Plasmids, Strains, and Culturing Conditions-- Standard recombinant techniques were employed using an Escherichia coli strain TG1 (supE hsdDelta 5 thiDelta (lac-proAB) F' [traDelta 36 proAB+ lacIq lacZDelta M15]). Yeast strains used in this study were SEY6210 (MATalpha ura3 leu2 trp1 his3 lys2 suc2) (14) and KYSC1 (MATalpha prc1-1 ura3 leu2 trp1 his3 lys2 suc2).2 Yeast strain BJ3505 (MATa pep4::HIS3 prb1 lys2 trp1 ura3 gal2 can1) was used for preparation of the cytosol (9). Cells were grown in YPD medium containing 1% yeast extract, 2% polypeptone, and 2% glucose. A sulfate-free synthetic minimal medium (15) was used for metabolic labeling of yeast cells. The gene for the C-terminally HA (influenza hemagglutinin) epitope-tagged version of Mnl1p was cloned by PCR from the yeast genomic DNA. The amplified DNA was subcloned into a yeast multicopy plasmid pYO326 (16) to generate pKNM1, which expresses the Mnl1p-HA fusion protein.
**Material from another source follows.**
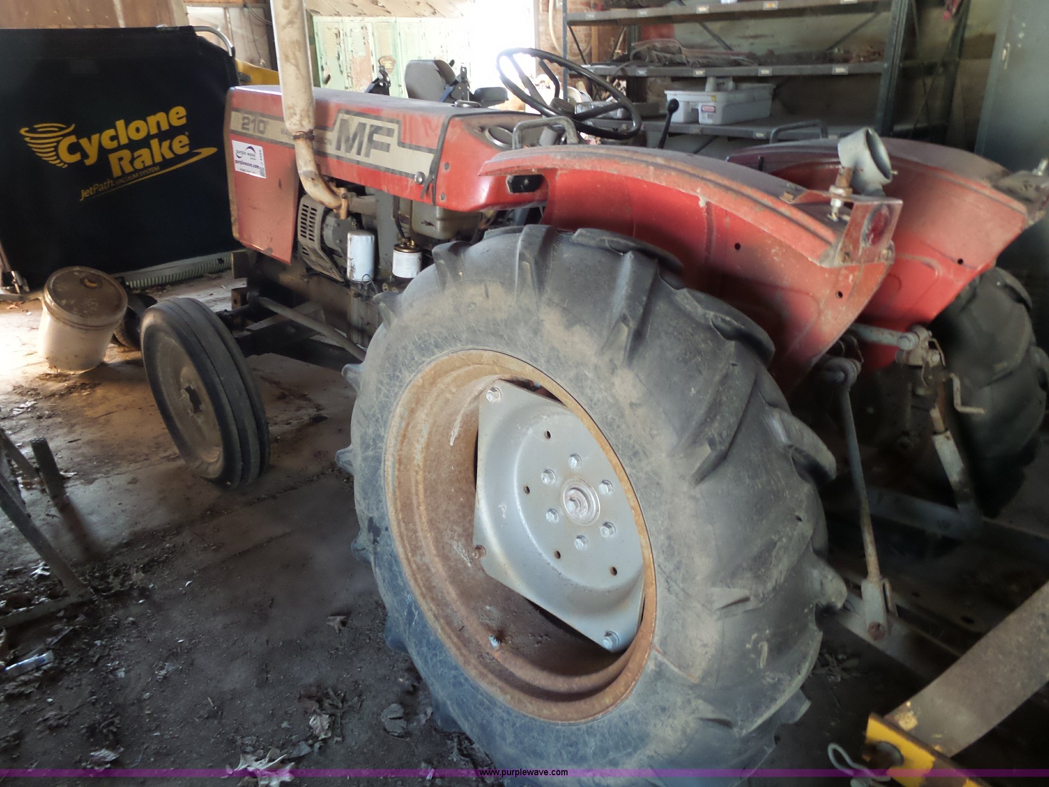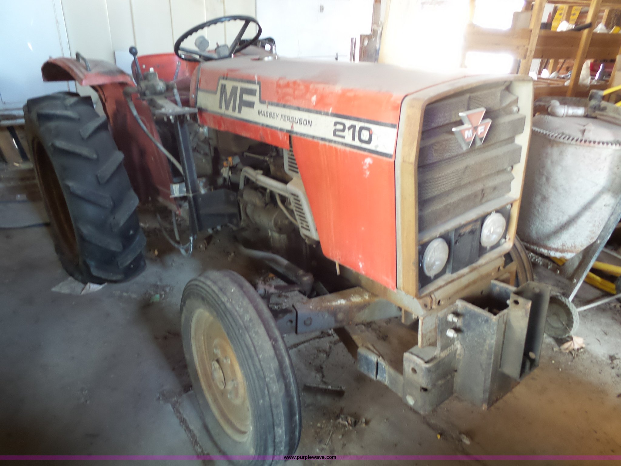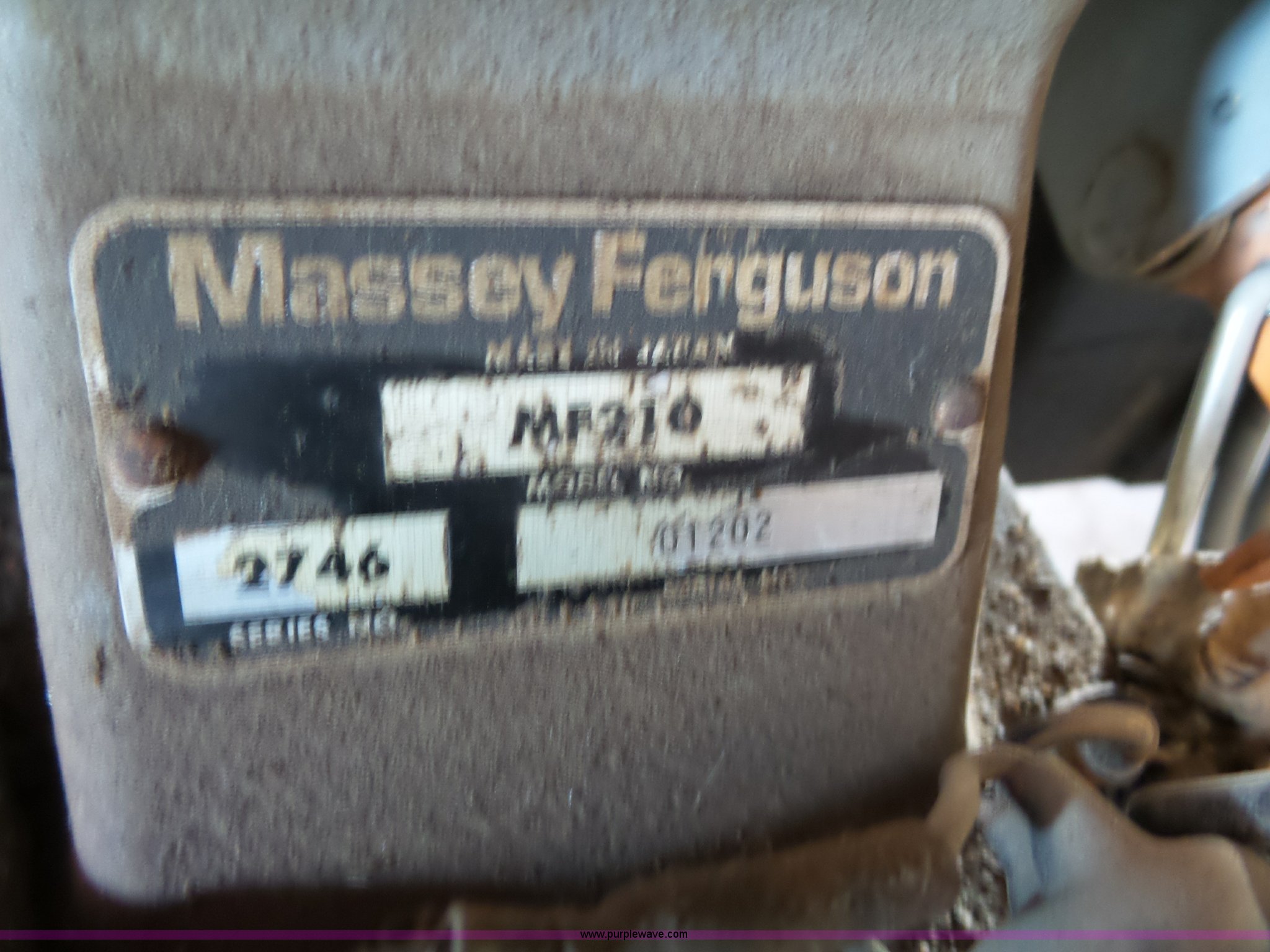 Purple Wave is selling a used Tractor in Kansas. This item is a Massey-Ferguson 210 Series 2746 tractor with the following: 3,530 hours on meter, Four cylinder diesel engine, Manual transmission, 5F-1R gears, Front work lights, Three point, 540 PTO, Draw bar, Titan 5.00-15 front tires, Bridgestone 11.2/10-24 rear tires, One tire flat, Wheel rusted, Seat cushion missing, Dead battery, Last used in fall 2015, Serial 01202

A null allele of MNL1 was constructed by the PCR-based gene disruption using the HIS3 gene of Candida glabrata (a gift from Dr. Satoshi Harashima) as described previously (17, 18). The Delta mnl1 strains derived from SEY6210 and KYSC1 were named SNY1079 and SNY1080, respectively.

ERAD Assays-- Metabolic labeling of yeast cells with Tran35S-label (ICN) and preparation of cell extracts were performed as described previously (19). Immunoprecipitation was performed as described by Nishikawa et al. (20). Yeast microsome fractions were prepared from wild-type cells and Delta mnl1 cells (9) and the yeast cytosol S100 fraction from yeast BJ3505 cells. 35S-Labeled mutant prepro-alpha factor lacking the three consensus glycosylation sites (Delta Gppalpha F) (9) was synthesized in vitro using a yeast cell-free translation. The in vitro ERAD assay was performed as described previously (9).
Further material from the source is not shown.